TASK REQUIREMENTS —
Copy out each line of the material exactly. Pictures do not belong in the copy.

DATA BLOCK —
◇ ◇ ◇

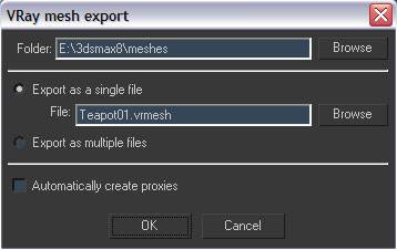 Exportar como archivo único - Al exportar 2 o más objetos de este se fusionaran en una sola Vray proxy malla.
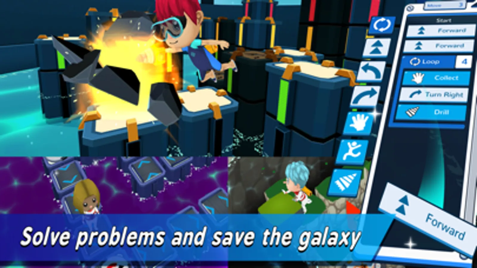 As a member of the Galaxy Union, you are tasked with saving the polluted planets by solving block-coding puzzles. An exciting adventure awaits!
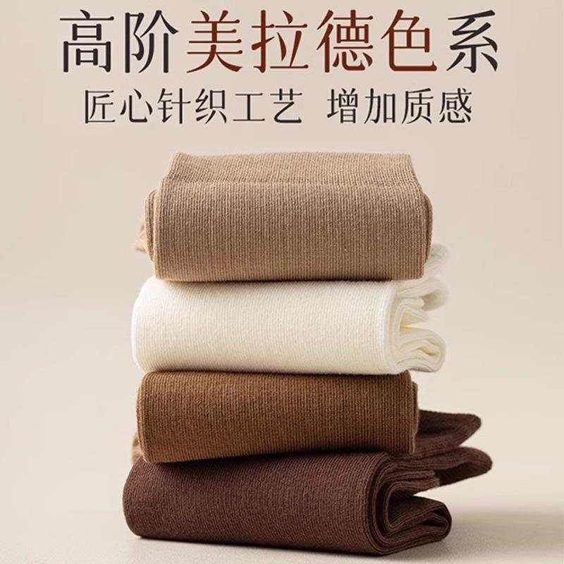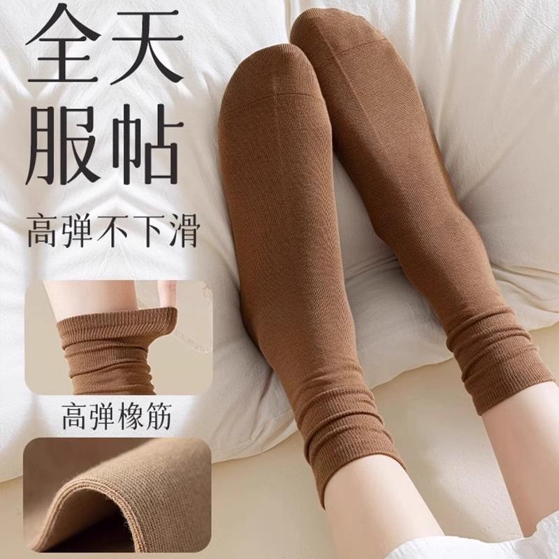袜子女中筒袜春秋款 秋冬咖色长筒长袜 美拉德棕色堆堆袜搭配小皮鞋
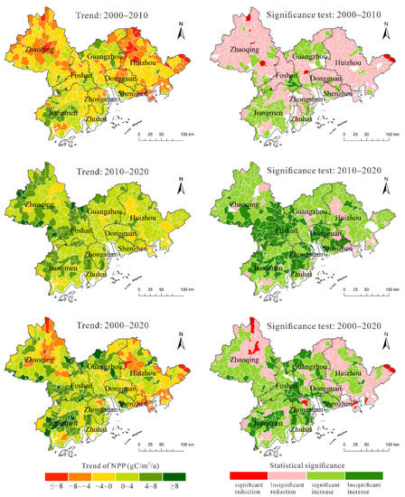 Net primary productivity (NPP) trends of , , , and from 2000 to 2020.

◇ ◇ ◇

EXERCISE SOLUTION —
 Exportar como archivo único - Al exportar 2 o más objetos de este se fusionaran en una sola Vray proxy malla.
 As a member of the Galaxy Union, you are tasked with saving the polluted planets by solving block-coding puzzles. An exciting adventure awaits!
袜子女中筒袜春秋款 秋冬咖色长筒长袜 美拉德棕色堆堆袜搭配小皮鞋
 Net primary productivity (NPP) trends of , , , and from 2000 to 2020.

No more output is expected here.